Tenía mujer y tres hijos. Era aquella doña Leocadia Sarriera, navarra de origen. De los vástagos, el mayor y la hembra estaban casados y habían dado a los viejos algunos nietos. El más pequeño de los hijos llamábase Agustín y era destinado a la Iglesia. A todos les conocí en el mismo día, y eran la mejor gente del mundo.
—Señor don Roque —dije aquella noche a mi compañero cuando nos acostábamos en el cuarto que nos destinaron—, yo jamás he visto gente como ésta. ¿Son así todos los aragoneses?
—Hombres de la madera de don José de Montoria —me respondió— y familias como esta familia, abundan mucho en la tierra de Aragón.

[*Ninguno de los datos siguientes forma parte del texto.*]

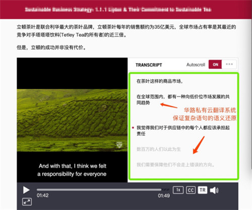 使用过程中,学生学习诸如哈佛大学、斯坦福大学、麻省理工、耶鲁大学、剑桥大学、牛津大学、清华大学、孔子学院等线上教学时显示,华路私有云翻译系统译成的中文/英文/法文/德文等均非常准确,特别能够把握课程的深度和整体内容,而不是受限在局部字面翻译,其准确率与同步速度直逼人工同传,学生仿佛沉浸在同声传译的教学环境当中。
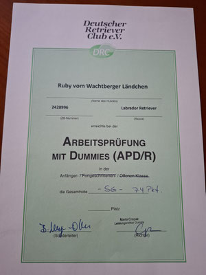 Ruby und Skotti vom Wachtb. Ländchen haben die Dummy/A bestanden. Ruby mit 74 Pkt. und Skotti mit 75 Pkt., was für eine tolle Leistung für die jungen Hunde. Herzlichen Glückwunsch, fleißig seid Ihr.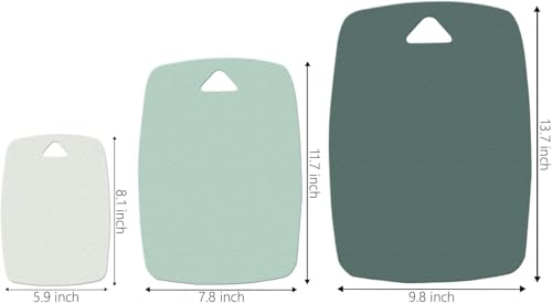 - 👨🍳【Three Sizes to Meet Your Cutting Needs】Our three sizes of cutting boards can improve your efficiency in the kitchen, large 13.7*9.8*0.2inch, medium 11.8*7.8*0.19, small 8*5.9*0.15, each All sizes are separate cuts designed for a certain type of food. Great for multiple meals or use throughout the day.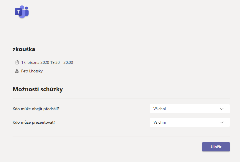 Přesněji to znamená, že tvůrce schůzky může přiřadit různá práva pro ovládání hovoru různým členům. Jde například o sdílení, zeslabení mikrofonu nebo přidávání a odebírání účastníků. Hlavní výhodou pro školy je fakt, že studenti nemají možnost dělat vyučujícím naschvály nebo rušit výklad ostatním spolužákům zapnutým mikrofonem. Začneme tlačítkem Možnosti schůzky.

Al siguiente día nos ocupamos de mi alistamiento. Harto sabéis, amados niños, que en aquellos días Zaragoza y los zaragozanos habían adquirido un renombre fabuloso, y que todo lo referente al sitio famoso de la inmortal ciudad, tomaba en boca de los narradores las proporciones y el colorido de un romance de los tiempos heroicos. Con la distancia, las acciones de los zaragozanos adquirían dimensiones mayores aún, y en Inglaterra y en Alemania, donde se les consideraba como los numantinos de los tiempos modernos, aquellos paisanos medio desnudo, con alpargatas en los pies y un pañizuelo arrollado en la cabeza, eran figuras de coturno. Capitulad y os vestiremos —decían los franceses en el primer sitio, admirados de la constancia de unos pobres aldeanos vestidos de harapos—. No sabemos rendirnos —contestaban—, y nuestras carnes sólo se cubren de gloria.
Estas y otras frases habían dado la vuelta al mundo.

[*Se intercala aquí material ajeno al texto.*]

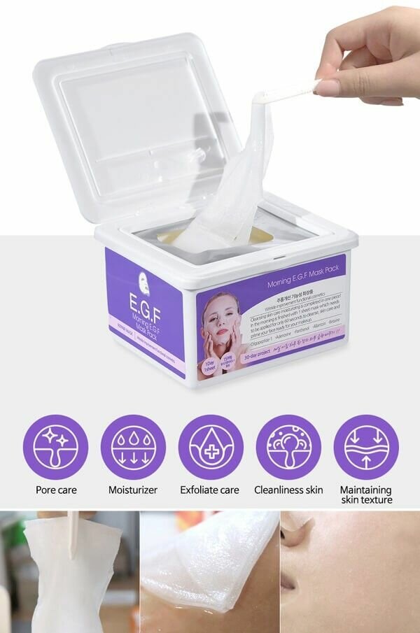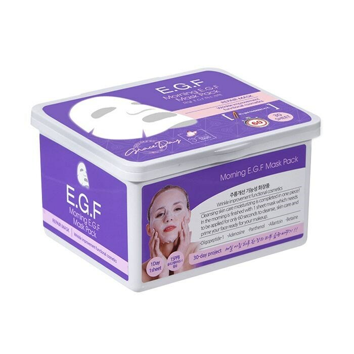 Тканевая маска для лица с EGF (эпидермальный фактор роста) эффективно разглаживает морщины, повышает упругость кожи, интенсивно питает и увлажняет на долгое время. EGF - эпидермальный фактор роста клеток - восстанавливает естественные процессы обновления кожи, устраняет морщины и возвращает коже под здоровый и сияющий тон.Подходит для зрелой, тусклой кожи с возрастными изменениями.30 масок в упаковке: 1 день — 1 маска. В этом наборе вы получаете полный курс для гарантированного результата.Применение: извлеките маску из упаковки, нанесите на чистое лицо и расправьте. Оставьте на 60 секунд! затем удалите. Распределите остатки средства легкими похлопывающими движениями и дайте впитаться. Рекомендуется использовать каждый утро/день.Меры предосторожности: избегать попадания в глаза, в случае возникновения раздражения прекратить использование. Состав: см. на упаковке после слова Ingredients.

Alistado fui en el batallón de Peñas de San Pedro, bastante mermado en el primer sitio, y me dieron un uniforme y un fusil. En el mismo batallón servía el hijo segundo de don José de Montoria, llamado Agustín. La suerte me deparaba un buen compañero y un excelente amigo.
Desde el día de mi llegada oí hablar de la aproximación del ejército francés; pero esto no fue un hecho hasta el 20. Por la tarde, una división llegó a Zuera, en la orilla izquierda, para amenazar el Arrabal; otra, mandada por Suchet, acampó en la derecha sobre San Lamberto. Moncey, que era el general en jefe, situóse con tres divisiones hacia el Canal y en las inmediaciones de la Huerva. Cuarenta mil hombres nos cercaban.

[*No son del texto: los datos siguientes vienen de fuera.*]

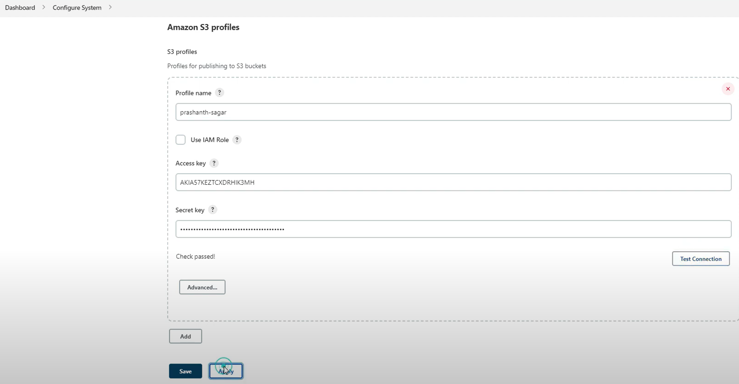 ## 젠킨스 Configure System ==> Amazon S3 profiles 이동 및 설정

Impacientes por vencernos, los franceses comenzaron sus operaciones el 21, desde muy temprano, embistiendo con gran furor y simultáneamente el monte Torrero y el Arrabal de la izquierda del Ebro, puntos sin cuya posesión era excusado pensar en someter la valerosa ciudad; pero si bien tuvimos que abandonar a Torrero, por ser peligrosa su defensa, en el Arrabal desplegó Zaragoza tan temerario arrojo que es aquel día uno de los más brillantes de su brillantísima historia.
A las cuatro de la madrugada, el batallón de las Peñas de San Pedro fue destinado a guarnecer el frente de fortificaciones desde Santa Engracia hasta el convento de Trinitarios. Algunas compañías teníamos nuestro vivac en una huerta inmediata al Colegio del Carmen. Agustín Montoria y yo no nos separábamos, porque su apacible carácter, el afecto que me mostró desde que nos conocimos, y la conformidad, la dulce armonía de nuestras ideas, me hacía muy agradable su trato. Era un joven de hermosa figura, ojos grandes y vivos, despejada frente y cierta gravedad melancólica en su fisonomía. Su corazón, como el del padre, estaba lleno de aquella generosidad que se desbordaba al menor impulso.
Ya dije que le dedicaban a la Iglesia, y añado ahora que la vocación eclesiástica de mi amigo era una vana ilusión de la familia. Ésta, como los buenos Padres del Seminario, no lo comprendían así, ni lo comprendieran aunque bajara a decírselo el Espíritu Santo en persona. El precoz teólogo, el dialéctico que en los ejercicios semanales dejaba atónitos a los maestros con la intelectual gimnasia escolástica, no tenía más vocación para el sacerdocio que la que tuvo Mozart para la guerra, Rafael para las matemáticas o Napoleón para el baile.